CIBC puts the focus on ‘I’ during Pride

Pride_Squares-Strategy_Article-01CIBC is looking at the Pride as an opportunity to support everyone who participates, including its own employees, to make a broader statement about the importance of diversity and inclusion.

This year, it worked with agency Fuse Marketing Group to further embed that message within a redesigned logo that goes beyond including the rainbow flag and colours, which a growing number of brands have adopted in support of Pride in recent years.

In CIBC’s campaign identity, the “I” in its name is replaced with illustrations of individuals that represent the diversity of Pride supports and on the bank’s employees and clients

The goal was to build on last year’s “We Stand for Love” campaign and to personalize the message by putting team members front-and-centre in the work, says Joanna Milroy, senior director for sponsorship and community investment marketing at CIBC. “So this year we are speaking to both employees and our clients, letting them know that they are the ‘I’ in CIBC and that we celebrate what’s important together.”

The decision to incorporate the complete spectrum of colours as the background was to ensure the identity remained visually relatable to the event, says Steve Miller, who was named Fuse Marketing Group’s first executive creative director in March. “But by showing those individuals and a cross-section of those individuals, we tried to represent a really modern view of their clients and their employees.”

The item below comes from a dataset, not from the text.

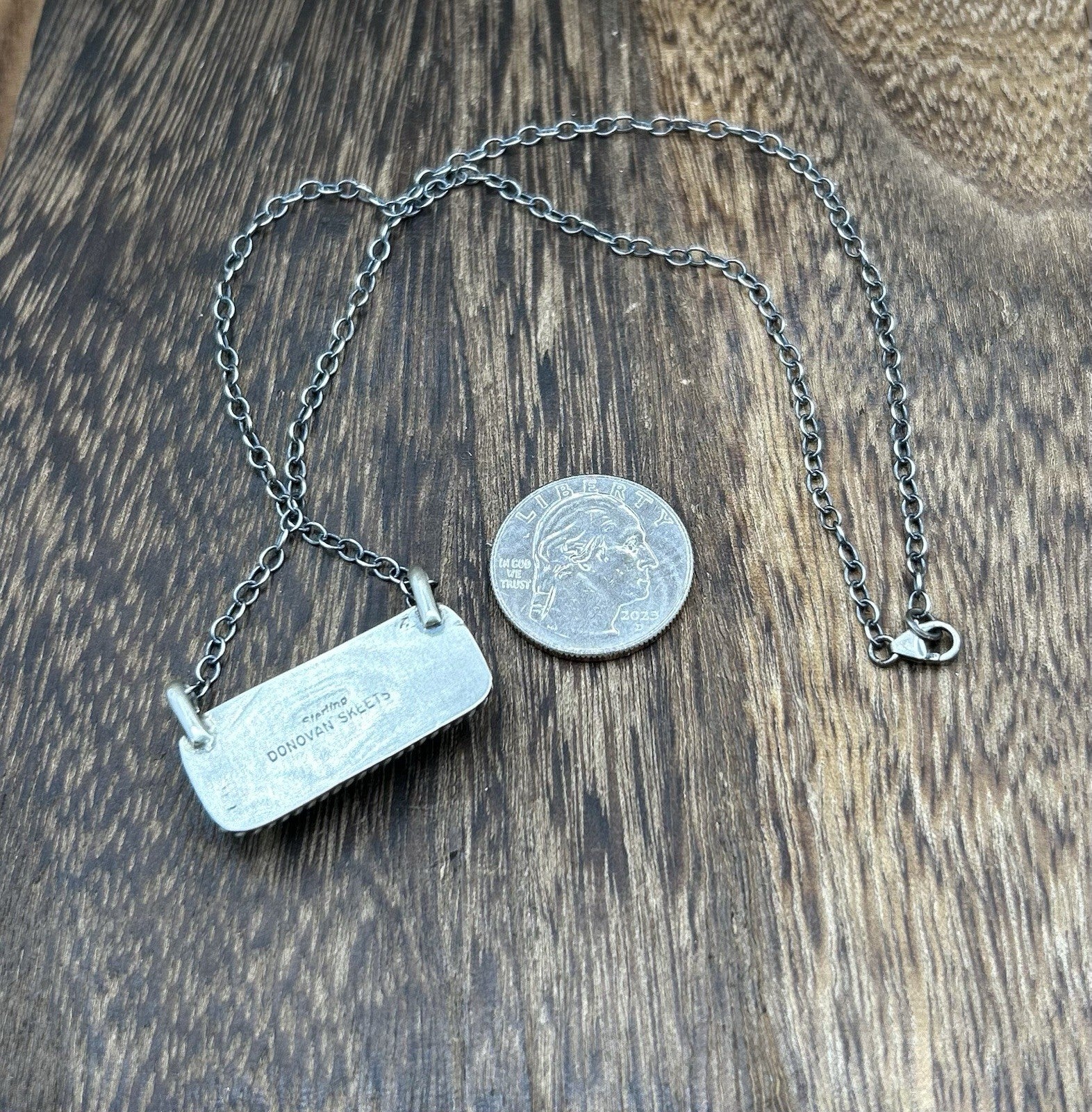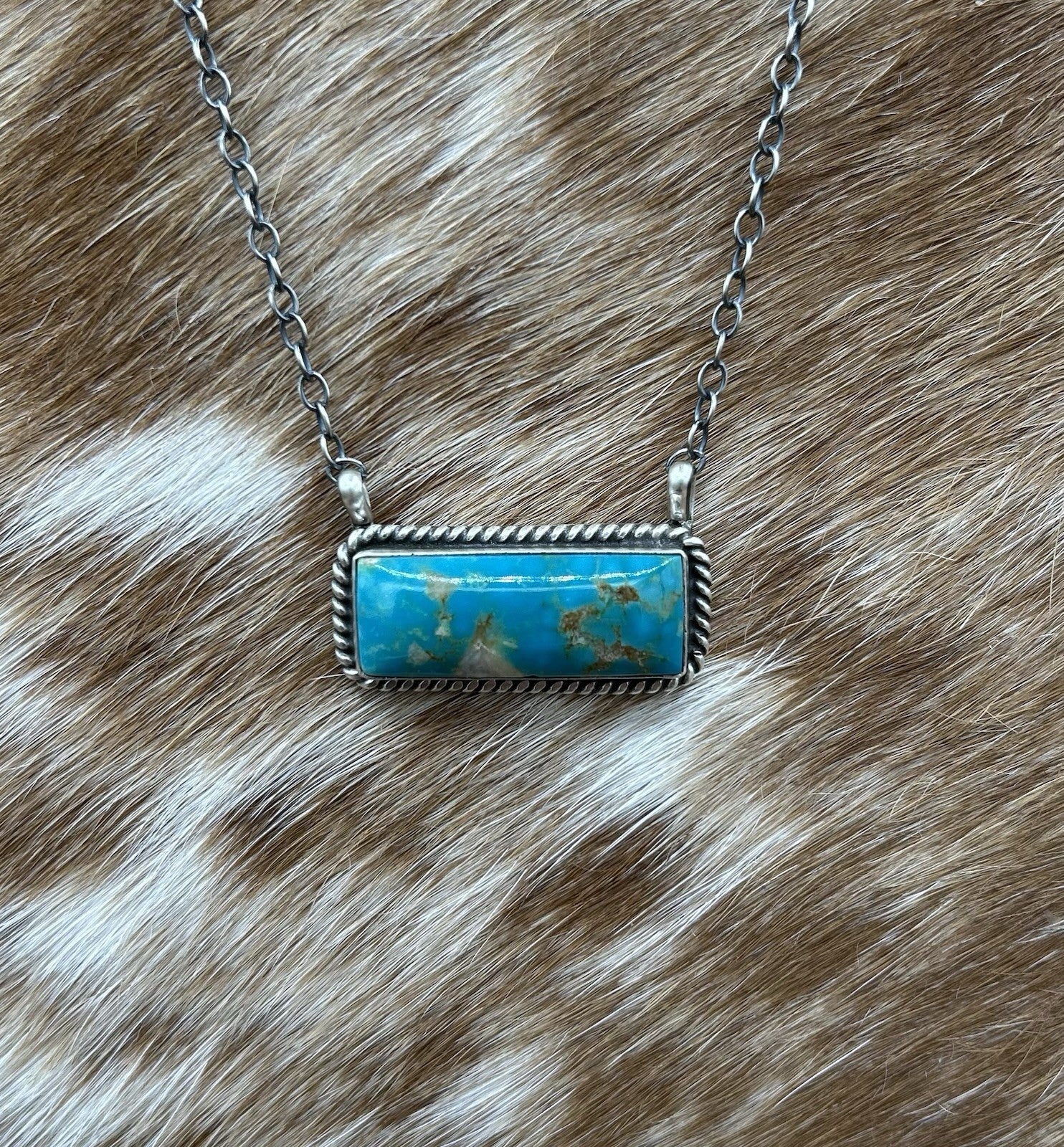 This beautiful handmade necklace is a stunning piece of Native American jewelry. Made by Navajo artisan Donovan Skeets , the necklace features a rectangle kingman turquoise stone set in a sterling silver on a chain. The necklace is signed by the artist.

This month, 10 CIBC banking centres are featuring the grid designs while another 35 locations will be running posters and other in-branch decor, including an animated GIF on television screens. Assets are appearing near the UP Express station at Toronto’s Union Station and throughout UP Express trains, and the design will be used on the bank’s social platforms, including Facebook, LinkedIn and Twitter.

Finally, the grid treatment has also been used on banners that will appear during various Pride parades throughout the country.

“We thought that if we just put a rainbow, which has been done in the past by CIBC, we felt like it was just surface-level commitment and surface-level messaging,” Miller says. “Absolutely, we show support this way. But we wanted to do something that felt deeper, because [the bank] felt deeper about the cause.”

Milroy says that while the concept was developed specifically for Pride, CIBC believes it could be extended across other employee-led and focused programs like International Women’s Day, Black History Month or the International Day of Persons with Disabilities.